The blood didn't mean anything. It wasn't the same as before. It was just a mark. Just part of the process.

The Beast was quiet again, watching.

Clara arrived with seeds the next afternoon—wildflowers, strange ones with names Leah couldn't pronounce. They were small, delicate things, but full of color, a flash of life in a place that had been left behind. She knelt next to Leah and began to plant them in broken pots, in rusted cans, anywhere the soil could hold them.

Leah didn't understand why it mattered. But she did it anyway. She helped. She planted. She watered, careful not to disturb the fragile roots. The vines still crept up the sides of the greenhouse, but now, in between the decay, there was something new. Something different. Something alive.

Because Clara asked.
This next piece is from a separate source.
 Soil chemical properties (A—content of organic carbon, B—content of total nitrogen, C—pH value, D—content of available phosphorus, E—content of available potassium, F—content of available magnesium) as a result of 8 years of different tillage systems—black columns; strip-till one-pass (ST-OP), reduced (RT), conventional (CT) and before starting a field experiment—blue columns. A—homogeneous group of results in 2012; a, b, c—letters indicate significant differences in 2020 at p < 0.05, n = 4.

Because for a moment, Leah wanted to know what it felt like to make something grow instead of wither.

It was strange, how that small, simple act had such weight. It was as if, for just a few minutes, Leah wasn't the one causing things to die. She wasn't the one breaking things. She was… something else. Something new. And for the first time, she wasn't sure if the Beast liked it.

The greenhouse became their place, their shared silence. It was where they met every afternoon, after school, where they planted and tended to the fragile things that didn't belong in the decaying ruin of the old building.
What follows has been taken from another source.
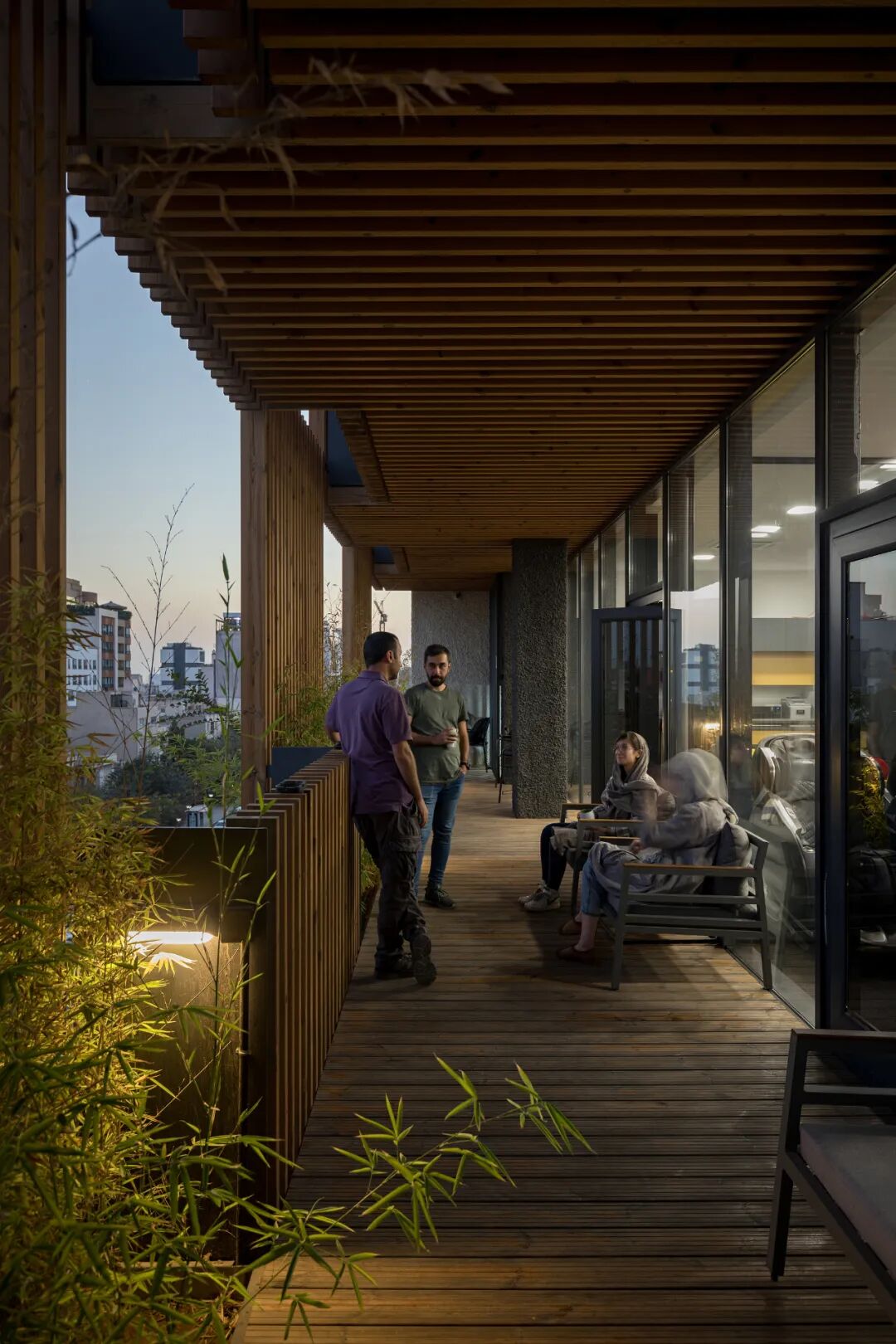 这种设计语言延伸到了屋顶,延续了分层透明和半透明的概念。屋顶不仅仅是一个功能性空间,而是建筑与城市互动的一个组成部分,既能提供景观、光线和空气,又能保持一定程度的隐蔽性。

But the world outside didn't stop.

Jason's name became another echo, another wound that the town tried to bury under layers of denial. Whispers ran like cold rivers through the hallways. Did you hear? Was it the same group that attacked him? A mugging, they said. Couldn't have been anything else. It was just another tragedy, wrapped in a story no one wanted to tell.

But Leah knew better. She always did. She had seen it all before, the way people tried to hide the truth. How they wanted to erase it and pretend everything would just go back to normal. But it never did. It never would. And now, Clara was part of that knowing. Whether she realized it or not, she was tangled in the same web of lies and truth that Leah had been living in for so long.

One evening, as rain tapped against the broken glass above, Clara turned to her. Her eyes were steady, searching. Leah felt the weight of it, but she didn't look away.

"I know you've done things," Clara said, her voice soft but unwavering.

Leah froze. She didn't want to hear this. Didn't want Clara to see her.

Clara didn't look away. She didn't flinch. "I don't want you to tell me. Not yet. But I see it in you. The storm. The sharp edges."

Leah's breath caught in her throat. She didn't know how to respond. The words stuck in her chest, too heavy to push out.

"Aren't you afraid?" she whispered, her voice trembling without meaning to.

Clara shook her head slowly. "No. Just… sad."

"Why?" Leah's voice was thin, fragile.

"Because someone like you shouldn't have been left alone in the dark."

For the first time in a long time, Leah wanted to cry.

But she didn't.

The Beast inside her, the thing that had been gnawing at her, stepped back. Just a little, just enough.